Le geste et la matière ne s’ouvrent l’un à l’autre, ne se livrent réciproquement dans toute leur ampleur qu’en se laissant mutuellement pénétrer. Or ceci ne peut se faire que par une relation sans cesse redistribuée et basée sur des valeurs d’accueil et d’échange. Il en résulte une présence constante de l’expérience plurielle qui ébranle l’ordre acquis, provoque et entrelace l’apparition des différences et l’évidence des corrélations, et engage le processus de leurs nécessaires mutations. Le geste se dote ainsi de sa propre matérialité et, sans se confondre, s’accorde à la substance qui l’a généré. La matière participe à une connaissance du geste et se plie à l’exigence de sa mise à l’épreuve, sans perdre le contrôle de ses ressources.

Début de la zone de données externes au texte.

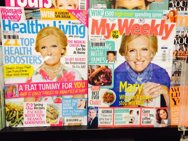 UK food TV star Mary Berry is on the cover of Woman’s Weekly Healthy Living, My Weekly and Cook Vegetarian right now – giving us an excellent opportunity to place all titles next to each other. You don’t need to know who she is – just recognise her face on the covers and encourage shoppers interested in Mary to purchase all three titles. A simple move could get you some extra sales.

De cette singulière alliance découle une forme qui échappe à une détermination rigide. La diversité de ses orientations lui apporte les voisinages les plus étranges. Cette forme convie au coude à coude le réel et l’imaginaire, le sensible et la rigueur, la fluidité et la rudesse. Elle ne dépend d’aucun désordre, d’aucune fantaisie, mais revendique une indépendance qui la dégage de toute étroitesse. Sentinelle, outil, écho, architecture, rêverie, circulation, vestige, damier, fantôme, addition, réminiscence, vocabulaire, surprise ou pacte, elle se manifeste comme un pur passage d’un niveau à un autre, et se déploie comme une incitation à l’investigation, un désir de lumière, mais se resserre aussi comme une ombre défendue, un espace clos, un silence. Elle demande une attention soutenue non pas pour être comprise, mais pour lui laisser le temps de faire remonter à la surface de son incertitude le jeu des rencontres et la gamme des bifurcations et des envolées. Florian de la Salle fait en cela indirectement écho à l’interrogation brûlante de René Char : « Comment vivre sans inconnu devant soi ? »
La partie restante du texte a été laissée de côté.